Oscar Moro Abadia. Arqueologia prehistorica e historia de la ciencia: bacia una historia critica de la arqueologia.


Alonso, Francisco Gracia


OSCAR MORO ABADIA. Arqueologia prehistorica e historia de la ciencia: bacia una historia critica de la arqueologia. 310 pages. 2007. Barcelona: Bellaterra; 978-84-7290-379-1 paperback 22 [euro].

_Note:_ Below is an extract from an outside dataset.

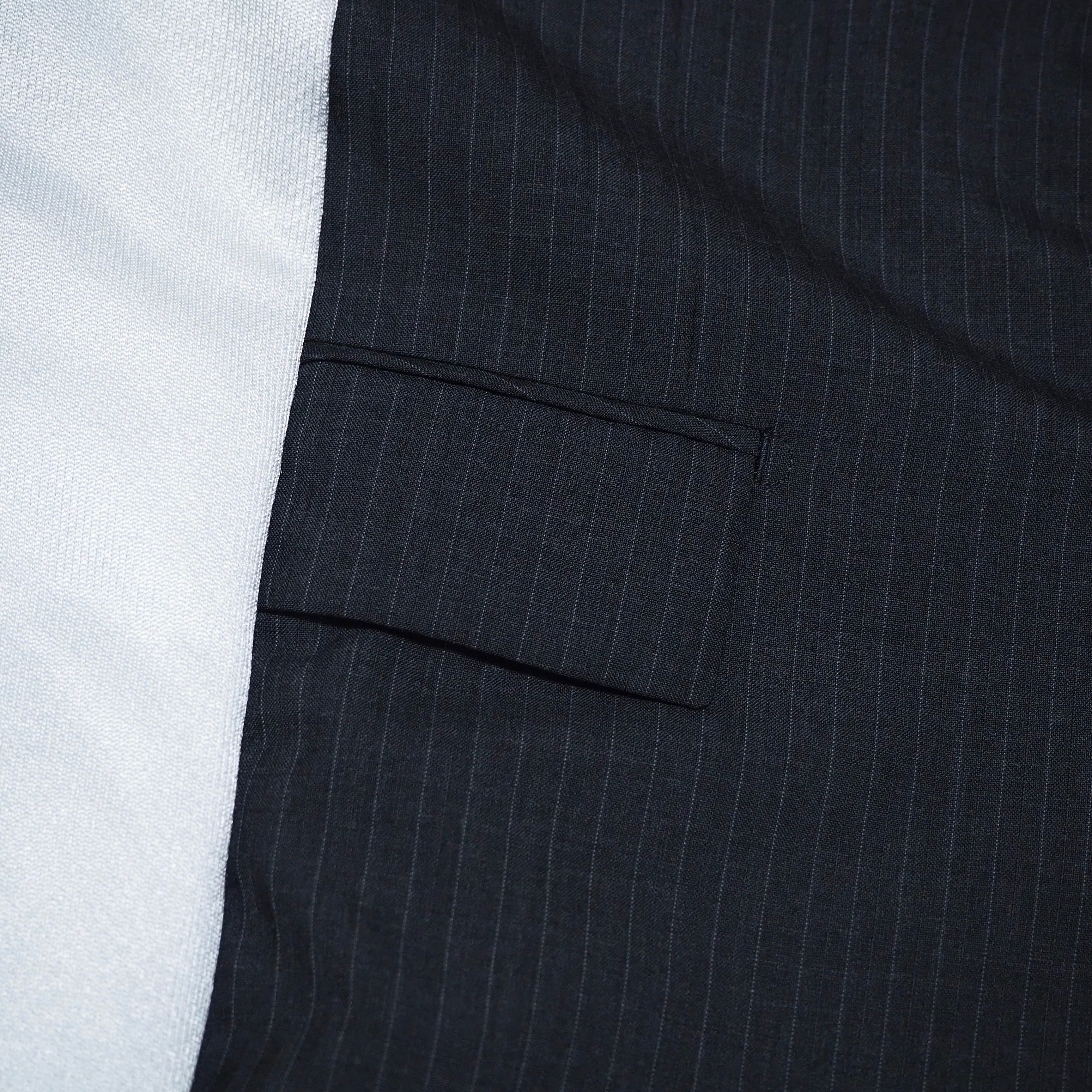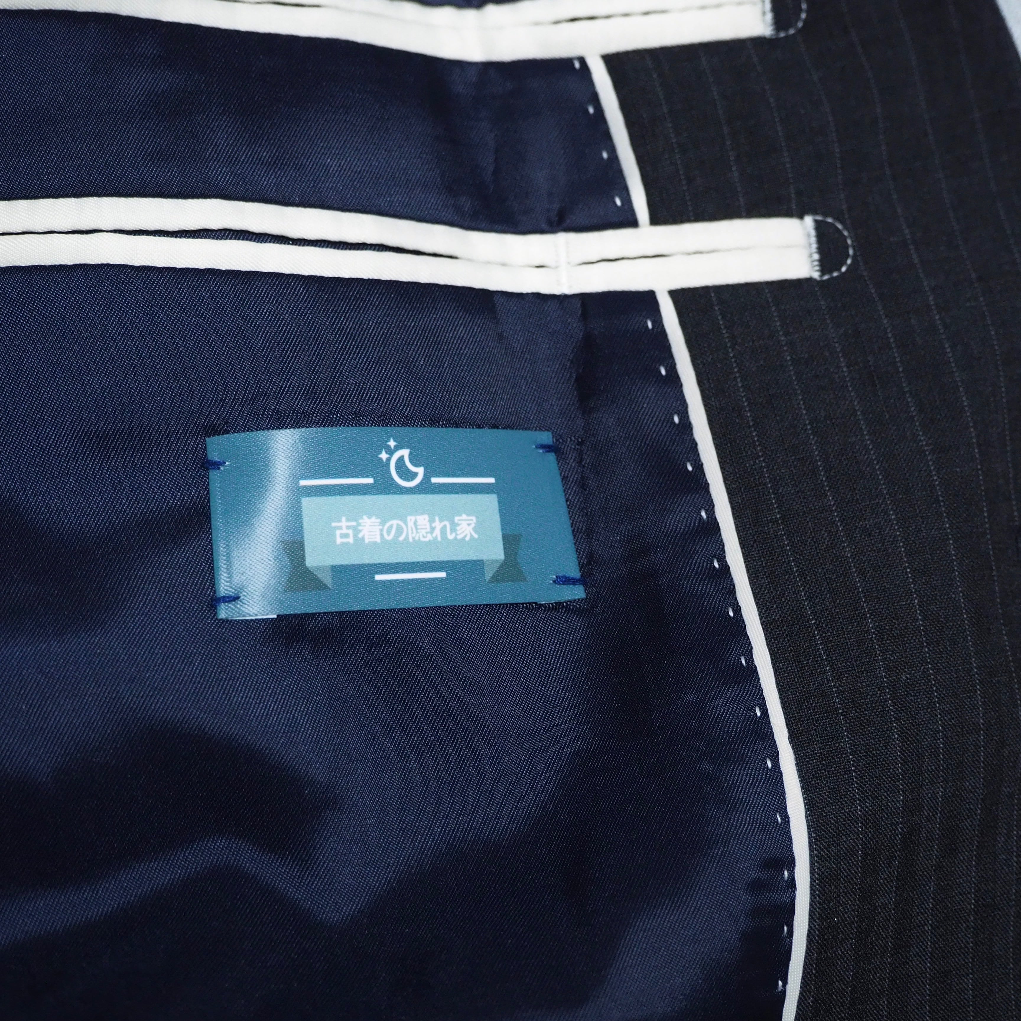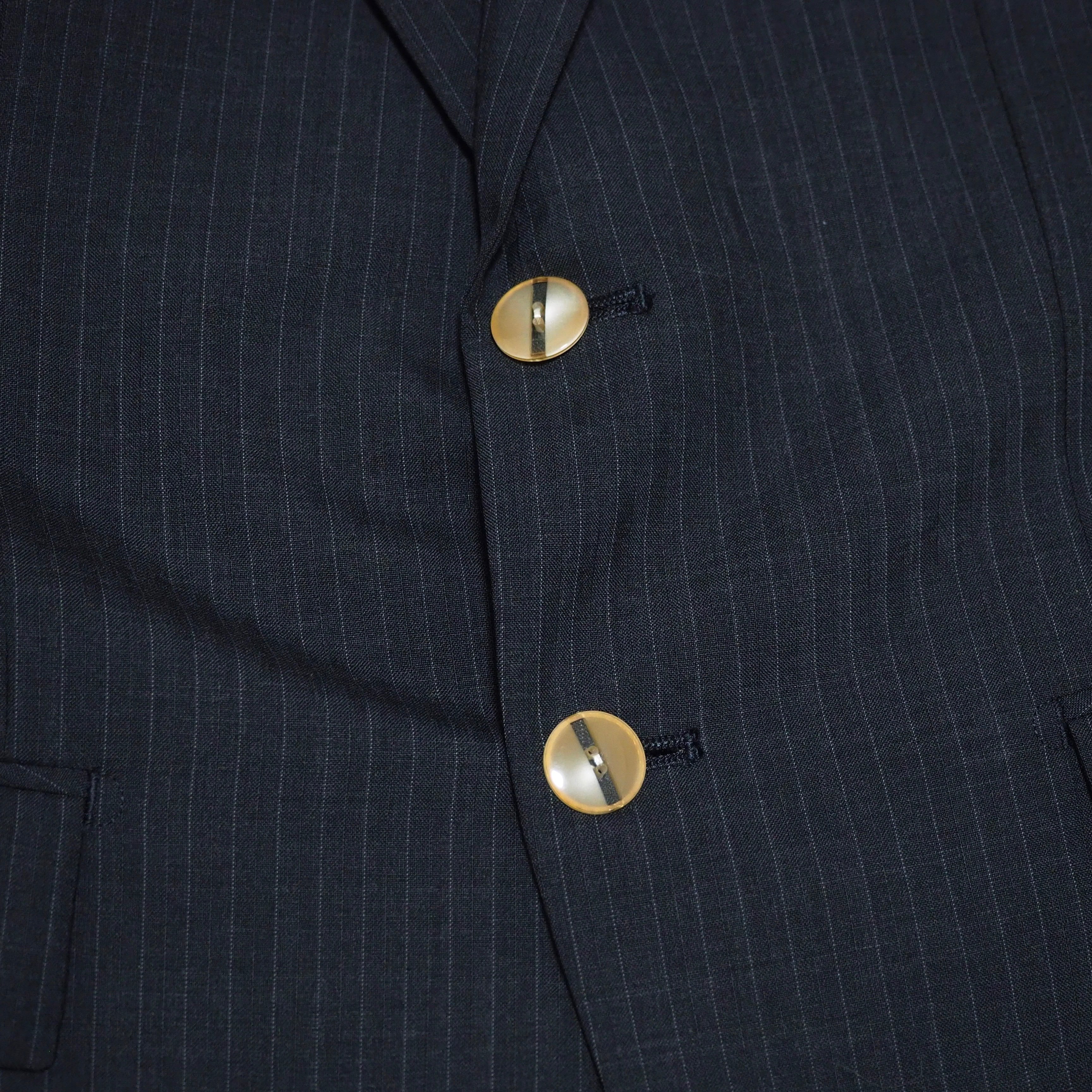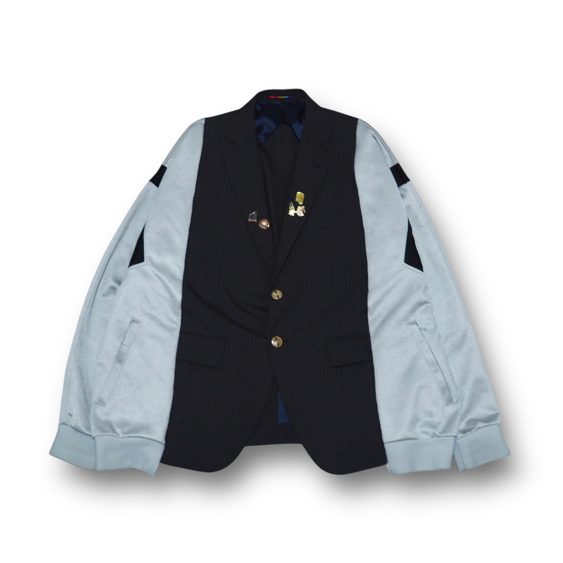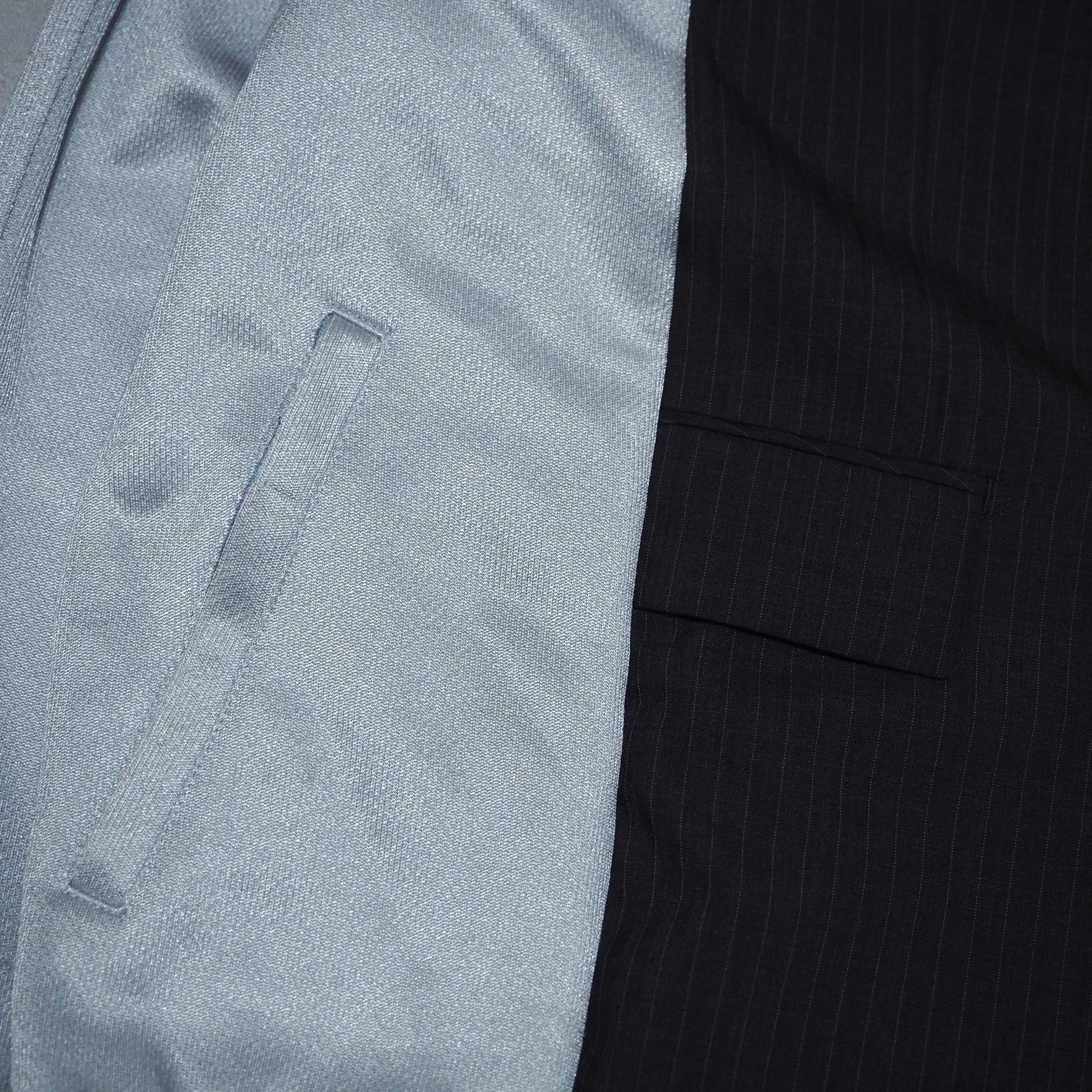無彩色よりのカラーを基調とさせ、トラック部分のブルーやピンバッチなどの装飾がアクセントとなるように再構築致しました。リメイクならではの程よくゆるめなサイジングが魅力的で、クラシカルの中にあえて力の抜けたムードを忍ばせております。フォーマルとスポーティ、その境界を曖昧にするユニークな仕上がりです。

Studying how interpretative currents shift in the fields of prehistory and archaeology cannot be done without addressing the political, social and economic determinants of the rime and place in which their theoretical foundations have been laid or in which they are being applied and developed. Archaeology, like any science, is neither pure nor objective. Rather, it grows out of a subjectivism that may or may not be conscious. The author of this work, looking at the history of archaeology as a science, starts by comparing the two major theoretical currents that have held sway in historiographical studies: presentism and internalism. Presentism uses the rationality of the present to judge the past, defining a sphere of superiority that tends to undervalue the nature and quality of past evidence. It simplifies pre-scientific or antiquarian archaeology and positivist scientific archaeology in order to trace a single line of development in archaeological interpretation. Internalism, on the other hand, is built on a belief in the autonomy of science and the premise of empiricism, which started out by overthrowing context and eventually came to enthrone a neutral discipline cordoned off from any influences.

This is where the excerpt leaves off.